Yes. All of those. As many of you know, it’s also the time when you have to start talking about “what’s next.” With that in mind, there are the obligatory college visits, discussions about the future, and the ACT test. This is the test, of course, that helps colleges and universities decide whether your kid is good enough to pay for the opportunity to attend their school. If you think you detect a hint of negativity about the process, you are right.
Unfortunately, on the first time out, Jade felt the same way.
She was not sure what she wanted to do. She did NOT want to take this test. She did not want to get up early. She was pretty much “all out” on the whole process. Her results showed it. She did not do well on the test. But as is nearly always the case, the failure is not nearly as important as the response to it. Jade went back to work.
First, she adopted a better attitude about the whole process. That is SO important. Studies tell you that when you have a positive attitude, your brain functions better. So that alone might have helped. But that was not all. She also started working with a coach. Elaine Smith worked with her over 5 sessions.
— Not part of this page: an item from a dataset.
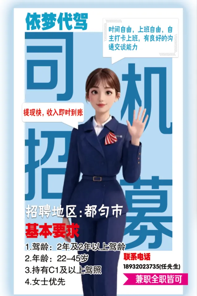 请把这条信息转发给身边的亲戚朋友和同学吧、现在找工作的人很多,您的举手之劳不会损失什么、却能帮到他们找工作!温馨提示: 按照人社部有关规定,用人单位招聘人员不得以任何名义向应聘者收取押金、培训、服装等费用,请大家谨慎选择,以免上当受骗。求职需谨慎,应聘成功后请务必签订相关合法劳动合同以保障自身利益,小编反复提醒各位找工作的求职人员,一定要远离“只加微信” “高佣金” “先垫付” “网络兼职” “刷单点赞” 等招聘信息。如在网络求职过程中招聘方要求下载APP软件,请大家注意切勿下载,以免发生资金损失!【工资待遇】平均4-5元/单,多劳多得,平均月收入4-6千,每月17号准时发工资!【招聘要求】满18岁,身份健康,会开电动车/摩托车(可自带,可租车),会手机导航,无案底。注:联系请说是在“都匀链上同城信息网(都匀信息网)”看到的信息,若信息与实际不符,请向小编反馈:151 8084 8653(微信同号)【招聘要求】男生已满,只招女生,20-45岁,能够长期,会简单电脑操作,会打字,主要负责前台收银,店里的卫生和看护小朋友的安全;【工作时间】10:00-22:00,周一到周四上1天休1天,月休 8天左右,周末节假日不休;【工资待遇】第一个月3000元,第二个月3200左右;注:联系请说是在“都匀链上同城信息网(都匀信息网)”看到的信息,若信息与实际不符,请向小编反馈:151 8084 8653(微信同号)关于我们:嘿泛泛女装是扎根贵州、快速发展的本土快时尚女装品牌。已在全省拥有超过400家门店,团队规模达1000余人。我们为热爱时尚、渴望成长的你,提供广阔稳定的发展平台!工作地点:贵州省内多地可选!我们在贵阳、遵义、六盘水、安顺、毕节、铜仁、黔东南州、黔南州、黔西南州等全省各地州市均设有门店,可根据你的所在地就近分配。(附:您可通过地图App搜索“嘿泛泛”查询离您最近的具体门店地址)1、年龄在18-40岁之间,形象端正,具备良好的服务意识。2、有快时尚女装销售经验者优先,无经验但学习能力强我们也欢迎!注:联系请说是在“都匀链上同城信息网(都匀信息网)”看到的信息,若信息与实际不符,请向小编反馈:151 8084 8653(微信同号)✅ 时间:15:00 - 01:00 事儿不多超轻松✅ 薪资:2600-3000 元 / 月 月休 2 天注:联系请说是在“都匀链上同城信息网(都匀信息网)”看到的信息,若信息与实际不符,请向小编反馈:151 8084 8653(微信同号)招聘条件:1:年龄20岁到55岁。2:男生身高170cm以上3:五官端正,热情,能吃苦耐劳,有责任感,集体荣誉感。4.无犯罪记录,无纹身,无不良嗜好,身体健康。5:退伍军人优先工作内容:负责区域秩序维护,保障财产安全;检查基础设施是否损坏,及时上报。注:联系请说是在“都匀链上同城信息网(都匀信息网)”看到的信息,若信息与实际不符,请向小编反馈:151 8084 8653(微信同号)贵州地区招电子散件外贸组装承包 ,首次合作者需要来实地考察,非诚勿扰。 工厂有大量电子产品订单对外加工 如:开关、微型计算器、无线鼠标、插座LED灯等…注:联系请说是在“都匀链上同城信息网(都匀信息网)”看到的信息,若信息与实际不符,请向小编反馈:151 8084 8653(微信同号)- 联系电话:18085409891(微信同号)。注:联系请说是在“都匀链上同城信息网(都匀信息网)”看到的信息,若信息与实际不符,请向小编反馈:151 8084 8653(微信同号)注:联系请说是在“都匀链上同城信息网(都匀信息网)”看到的信息,若信息与实际不符,请向小编反馈:151 8084 8653(微信同号)工作内容:负责幼儿早教课程教学与日常看护,参与教学方案设计注:联系请说是在“都匀链上同城信息网(都匀信息网)”看到的信息,若信息与实际不符,请向小编反馈:151 8084 8653(微信同号)学历:不限(大专以上工资额外多2000~3000)注:联系请说是在“都匀链上同城信息网(都匀信息网)”看到的信息,若信息与实际不符,请向小编反馈:151 8084 8653(微信同号)贵州隆福食品有限公司成立于2024年3月,由贵州黔盛实业集团有限责任公司和贵州宏福食品有限公司共同发起组建的一家集原产地订单采购、智能化加工生产、现代物流及冷链仓储为一体的食品公司。现因业务发展需要,结合公司发展战略及相关工作安排,拟向社会公开招聘4个岗位6名工作人员,岗位相关要求如下:招聘坚持德才兼备的选人标准,按照“民主、公开、竞争、择优”的原则。1.拥护中华人民共和国宪法,拥护中国共产党的领导,热爱社会主义,具有良好的政治素质和品行。2.思想政治素质好、清正廉洁、勤劳务实、遵纪守法。3.具备岗位所需的学历、专业、工作经验和能力素质。报考人员不得报考聘用后即构成回避关系的岗位。回避关系包括夫妻关系、直系血亲关系。报考人员如违反此规定,一经查实,取消报考资格。本次招聘工作按照报名、简历筛选(未通过者不另行通知)、资格审查、面试、体检、公示、聘用等程序进行。2.报名方式:符合招录条件者,填报《应聘人员信息登记表》(详见附件1),线上报名:将登记表统一命名为“岗位编码+应聘岗位+姓名+联系电话”发送至指定邮箱1404755243@qq.com;线下报名:到都匀市匀东镇广州产业园B4栋贵州隆福食品有限公司综合部填写相关信息。3.因报考人员填报失误、填报信息不一致或故意填报虚假信息造成的后果由报考人员本人承担。资格审查由公司招聘工作领导小组负责组织实施,公司将按照公布的招聘条件对报名

Not only did she give Jade tips and tricks for attacking the test, but (maybe more importantly) she gave her the confidence that she could do well.
She studied. She worked on it . She had a better attitude. Her results showed it.
I am very proud to report that Jade’s overall score went up quite a bit. Several sections of the test went up even more. It’s great news. But to me, this is not the best part of the story. The reality (as I see it) is that this is just one standardized test. It’s one of those things that seems important in the moment. But it’s not. Not really.
What IS important is that Jade learned how life works. When you try something new, you might do poorly. You almost certainly will do poorly if your attitude sucks. But if you learn from it. You readjust your attitude. You work on it. You get a coach. You will get better. Now THAT is a lesson I can get behind.